The XML declaration <?xml version="1.0" encoding="UTF-8" ?> is optional, but is recommended by the W3C because it tells XML parsers the character encoding of the document. The UTF-8 character encoding should be written in capital letters. At first glance, this contradicts the XHTML principle of writing all elements and attributes in lower case. However, this is the official name given by the IANA , and the XML parser can ignore upper and lower case letters when interpreting it. If the coding information is missing and no encoding in HTTP - header is sent, the browser, according to the XML standard coding UTF-8 or UTF-16 use.

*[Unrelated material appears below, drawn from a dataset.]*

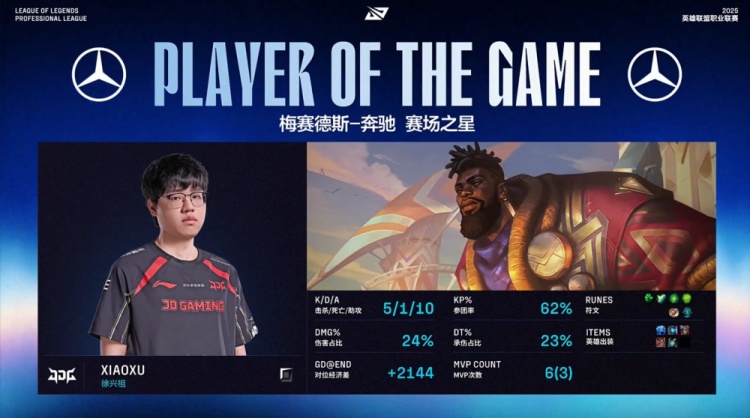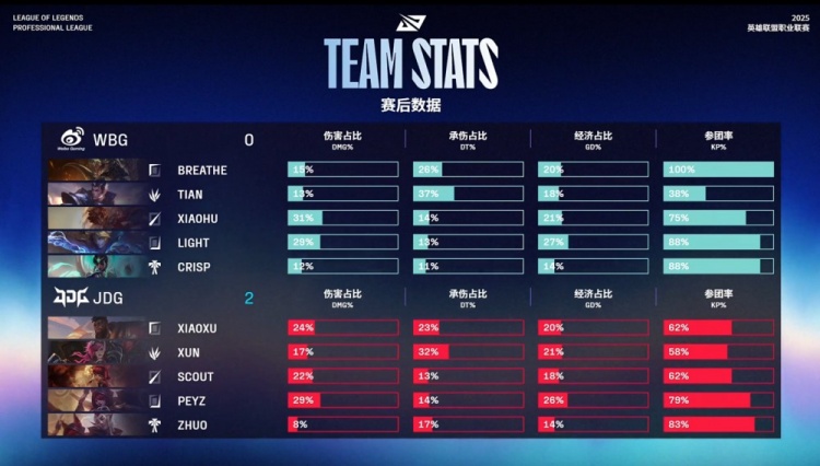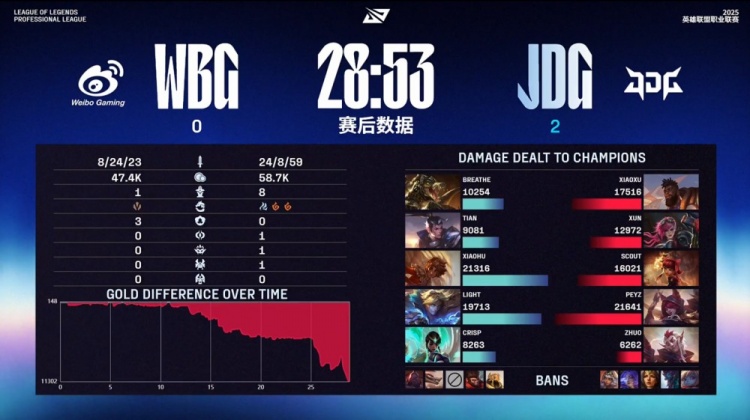 中期JDG在野区连续击杀WBG成员,Xiaoxu奎桑提真正游龙,配合Xun蔚和Peyz霞的强力输出,帮助JDG连战连捷。尽管WBG还手未果,Peyz四杀收尾,JDG一波推平WBG基地,拿到赛点。

Specifying the XML declaration causes Internet Explorer 6 and Opera 7.0 to 7.03 to jump into the so-called quirks mode , which leads to peculiarities when processing the style sheets and JavaScript . For this reason, the XML declaration is often omitted when the document is text/htmldelivered to this browser as (see the following section on MIME types).

MIME types and HTML compatibility

When transmitting HTML and XHTML documents, certain MIME types are used, e.g. B. in the Content-Typeheader for email and especially for HTTP :

  • According to RFC 2854 , HTML documents should be sent with the MIME type text/html.
  • An XHTML 1.0 document should normally be sent with the MIME type according to RFC 3236application/xhtml+xml . If the document adheres to the guidelines of backward compatibility, it can be sent as per RFC 2854 and the XHTML 1.0 standard text/html. Due to the lack of XHTML support of the popular software, the latter option is of particular importance.
  • Since XHTML 1.1 is not compatible with normal HTML browsers, such documents should only be delivered as , according to a W3C notificationapplication/xhtml+xml . The same applies to the other descendants of XHTML modularization, such as XHTML Basic.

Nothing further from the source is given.